Task item: Restate word for word only the lines from the one with "その結果、SGLT2阻害薬ダ" through the end of the records; no pictures belong in the copy.

-*-*-

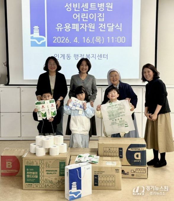 [경기뉴스원/경기뉴스1] | 수원시 팔달구 인계동은 지난 16일 오전, 성빈센트병원 어린이집으로부터 아이들이 정성껏 모은 유용 생활 폐자원을 전달받았다고 밝혔다.
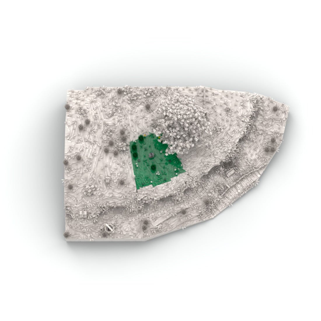 Das 16. und letzte Modul der Bauphase 4 vervollständigt das Wohnzimmer und den Flur im Obergeschoss. Der Bereich um die alte Eiche rechts ist integriert und fällt nach links steil ab. Die Linien des großen Fensters werden nach hinten verlängert. Zahlreiche Pflanzen und Grünflächen verleihen dem Modul ein natürliches Aussehen.
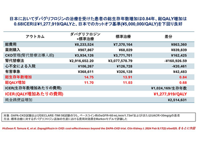 その結果、SGLT2阻害薬ダパグリフロジンの投与により慢性腎臓病の進行が抑制され、日本では予測余命が0.84年延長(14.75年対13.91年)すると推定され、英国、スペイン、イタリアでも同様の推定結果が得られた。臨床上の改善効果として、各国で0.45~0.68年の平均質調整生存年(QALY)上の利益に相当すると評価された。そして、費用対効果の評価では、質調整生存年(QALY)獲得あたりの増分費用効果比(ICER)を推定し、例えば日本では、ICERが<500万円/QALYであれば、費用対効果が高いと判断される。今回の研究では、日本、英国、スペイン、イタリアにおけるICERは、それぞれ1万3,723ドル/QALY (127万7,919円/QALY)、1万676ドル/QALY、1万4,479ドル/QALY、7,771ドル/QALYであったことから、国別の支払い意思閾値において費用対効果に優れることが明らかになった。さらに、サブグループ解析では、ダパグリフロジンは尿中アルブミン/クレアチン比や2型糖尿病の状態にかかわらず費用対効果が高いことが示唆され、これらの結果から国内CKD治療薬として初承認されたSGLT2阻害薬ダパグリフロジンは費用対効果的にも優れることが明らかにされた。
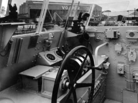 The bridge of a Vosper built craft that has not been positively identified. There were four Vosper built craft and it could be one of any. Those built by Vosper were P1108 Dark Buccaneer (32.6.'54), P1109 Dark Clipper (9.2.'55) P1110 Dark Highwayman, (29.3.'55) P1107 Dark Rover, (30.8.'54). There were 3 Dark class vessels cancelled in 1955. Dark Chaser, Dark Chieftan and Dark Crusader. (Photo courtesy of Ted Else)
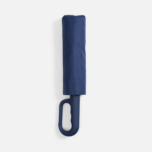 Преимущество обратного сложения заключается в том, что при закрытии внутренняя поверхность зонта остается снаружи, а мокрая сторона — запаковывается внутрь. За ручку-карабин удобно подвесить зонт на рюкзак или сумку.
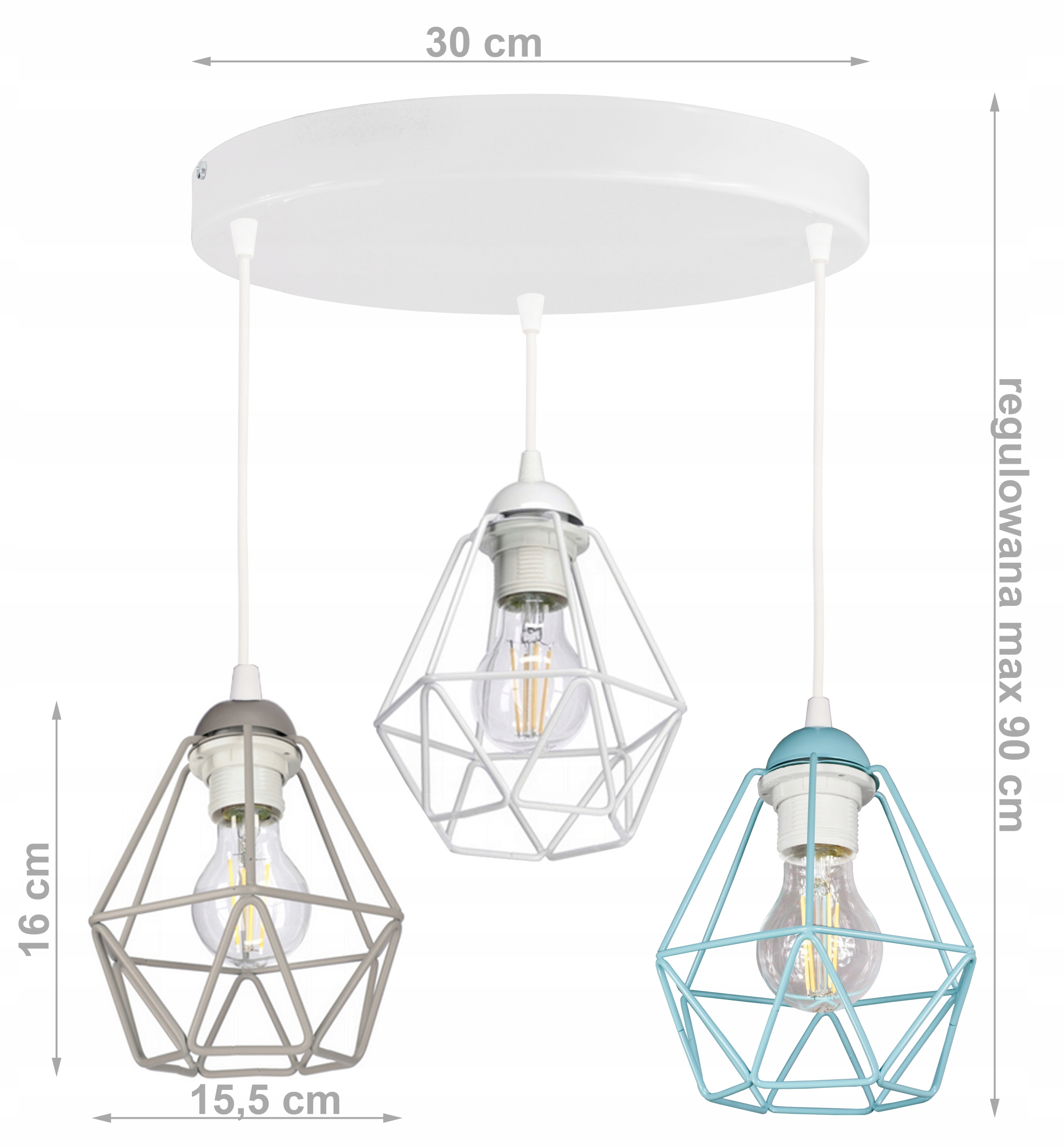 - Тип лампи: велика різьба E27, 3 x макс. 60 Вт

-*-*-

Answer for this exercise:
 その結果、SGLT2阻害薬ダパグリフロジンの投与により慢性腎臓病の進行が抑制され、日本では予測余命が0.84年延長(14.75年対13.91年)すると推定され、英国、スペイン、イタリアでも同様の推定結果が得られた。臨床上の改善効果として、各国で0.45~0.68年の平均質調整生存年(QALY)上の利益に相当すると評価された。そして、費用対効果の評価では、質調整生存年(QALY)獲得あたりの増分費用効果比(ICER)を推定し、例えば日本では、ICERが<500万円/QALYであれば、費用対効果が高いと判断される。今回の研究では、日本、英国、スペイン、イタリアにおけるICERは、それぞれ1万3,723ドル/QALY (127万7,919円/QALY)、1万676ドル/QALY、1万4,479ドル/QALY、7,771ドル/QALYであったことから、国別の支払い意思閾値において費用対効果に優れることが明らかになった。さらに、サブグループ解析では、ダパグリフロジンは尿中アルブミン/クレアチン比や2型糖尿病の状態にかかわらず費用対効果が高いことが示唆され、これらの結果から国内CKD治療薬として初承認されたSGLT2阻害薬ダパグリフロジンは費用対効果的にも優れることが明らかにされた。
 The bridge of a Vosper built craft that has not been positively identified. There were four Vosper built craft and it could be one of any. Those built by Vosper were P1108 Dark Buccaneer (32.6.'54), P1109 Dark Clipper (9.2.'55) P1110 Dark Highwayman, (29.3.'55) P1107 Dark Rover, (30.8.'54). There were 3 Dark class vessels cancelled in 1955. Dark Chaser, Dark Chieftan and Dark Crusader. (Photo courtesy of Ted Else)
 Преимущество обратного сложения заключается в том, что при закрытии внутренняя поверхность зонта остается снаружи, а мокрая сторона — запаковывается внутрь. За ручку-карабин удобно подвесить зонт на рюкзак или сумку.
 - Тип лампи: велика різьба E27, 3 x макс. 60 Вт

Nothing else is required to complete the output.